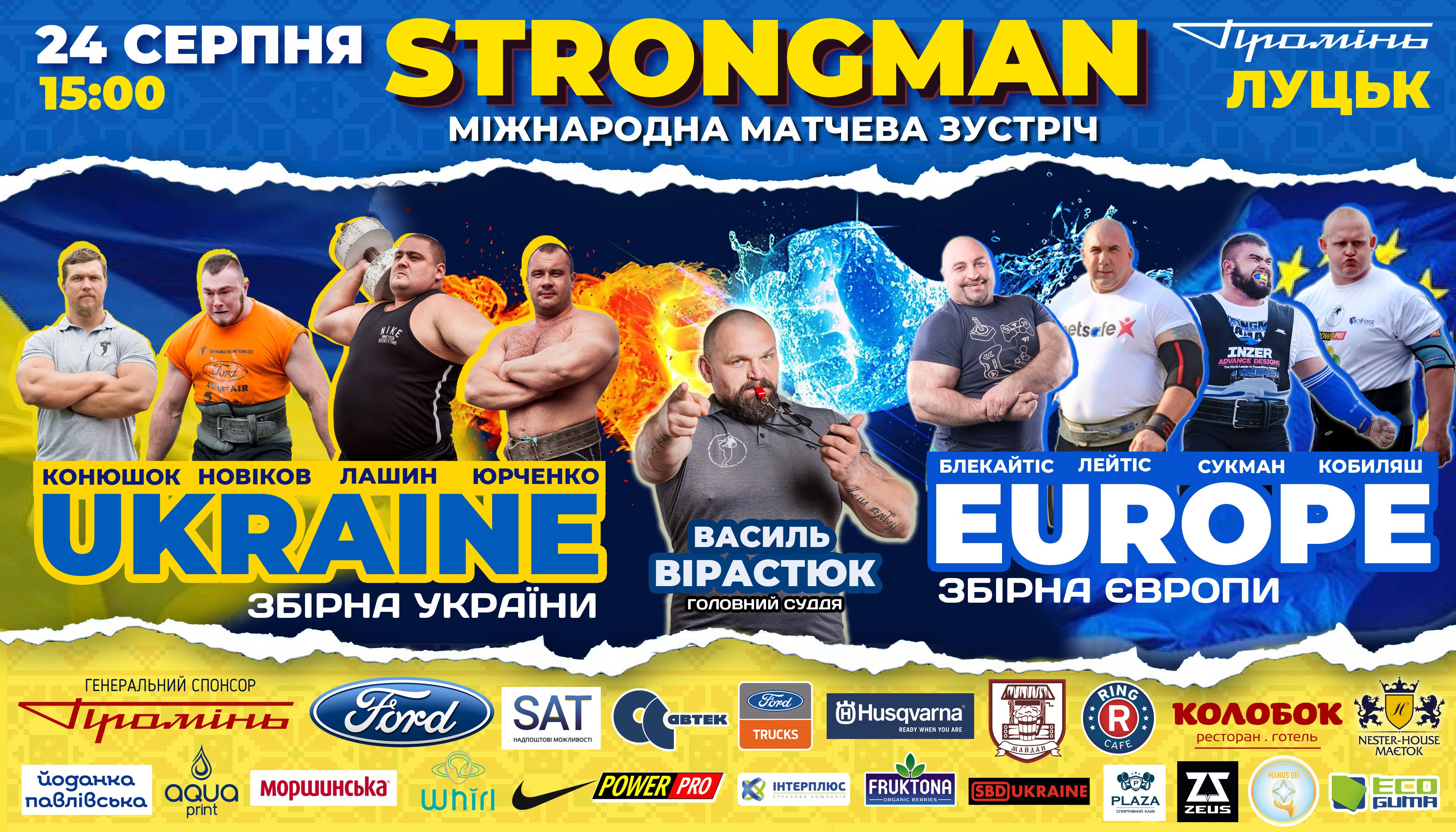З нагоди Дня Незалежності України та Дня народження РЦ Промінь у Луцьку очікується непересічна спортивна подія. Відбудеться матчева зустріч стронгменів "Збірної України" проти "Збірної Європи". У складі команд зберуться по чотири потужних атлети, які вже давно стали відомими у всьому світі, повідомляють організатори.
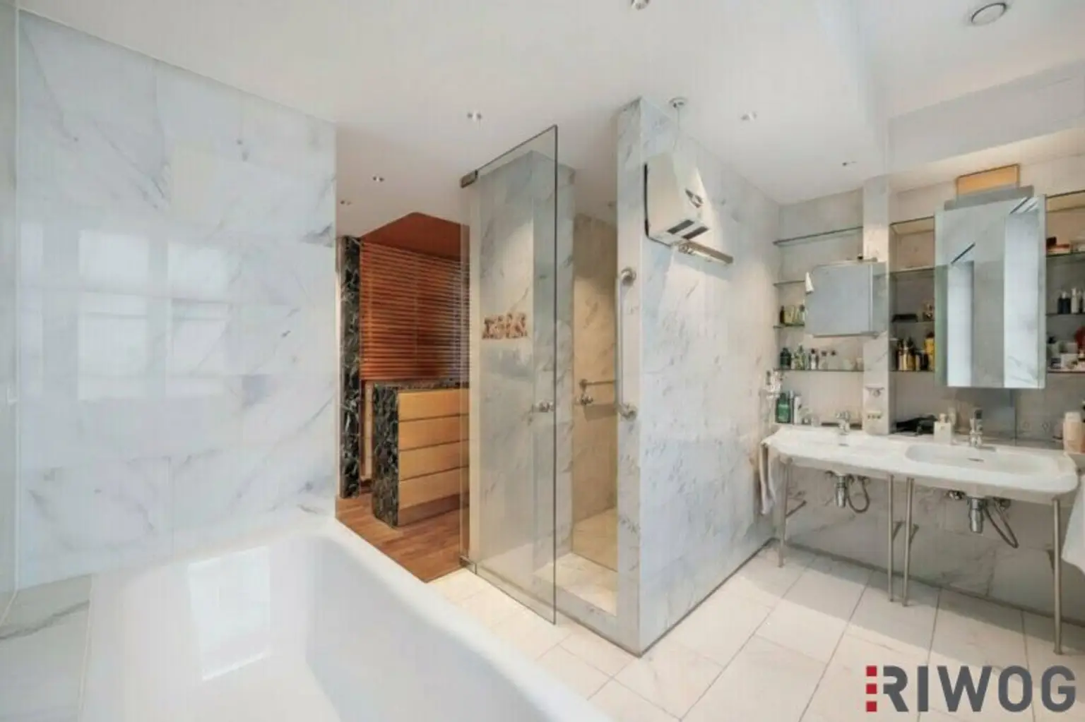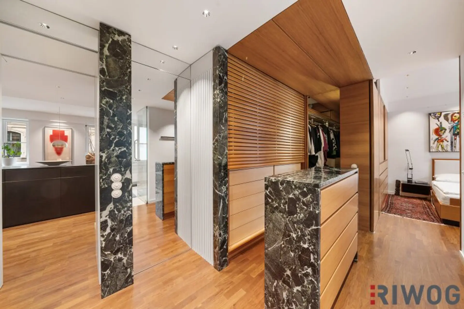Die Wohnung bietet 2 Schlafzimmer mit 2 Bädern und begehbaren Kleiderschank sowie Garderobe. Eine Küche mit Siemens und Gaggenau Geräten. Eine Waschküche. Eine Süd-Loggia mit ca. 5m² und einen Stephansdom Blick und einen Wohn- und Essbereich mit einem Kamin. Es wurde sehr viel Marmor und Edelhölzer verbaut und Technische Spielerreien wie elektrische Türen und Kommoden.
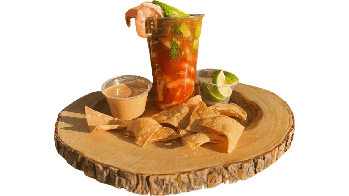 Shrimp Cocktail Cup comes with side of chips, crackers, habanero salsa
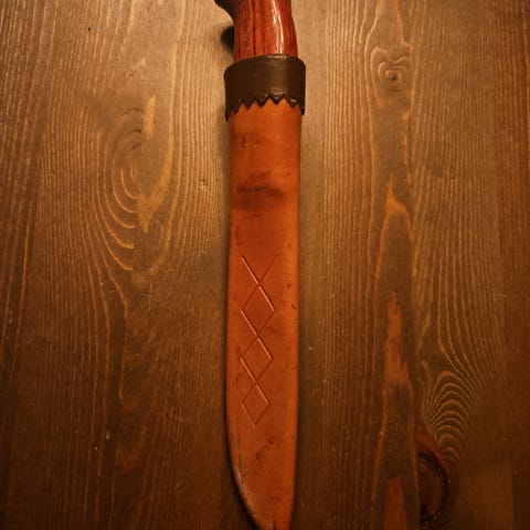 Brusletto Troll 2853 kniv med blad i rustfritt stål og skaft i tre. Leveres med lærslire med dekorative pregninger. Kniven er egnet for friluftsliv og generell bruk.
************
EXERCISE GOAL: Your output should be the lines from the one with "Die Wohnung bietet" through the end of the listing, copied exactly and with the pictures left out.

SOLUTION TO THE EXERCISE:
Die Wohnung bietet 2 Schlafzimmer mit 2 Bädern und begehbaren Kleiderschank sowie Garderobe. Eine Küche mit Siemens und Gaggenau Geräten. Eine Waschküche. Eine Süd-Loggia mit ca. 5m² und einen Stephansdom Blick und einen Wohn- und Essbereich mit einem Kamin. Es wurde sehr viel Marmor und Edelhölzer verbaut und Technische Spielerreien wie elektrische Türen und Kommoden.
 Shrimp Cocktail Cup comes with side of chips, crackers, habanero salsa
 Brusletto Troll 2853 kniv med blad i rustfritt stål og skaft i tre. Leveres med lærslire med dekorative pregninger. Kniven er egnet for friluftsliv og generell bruk.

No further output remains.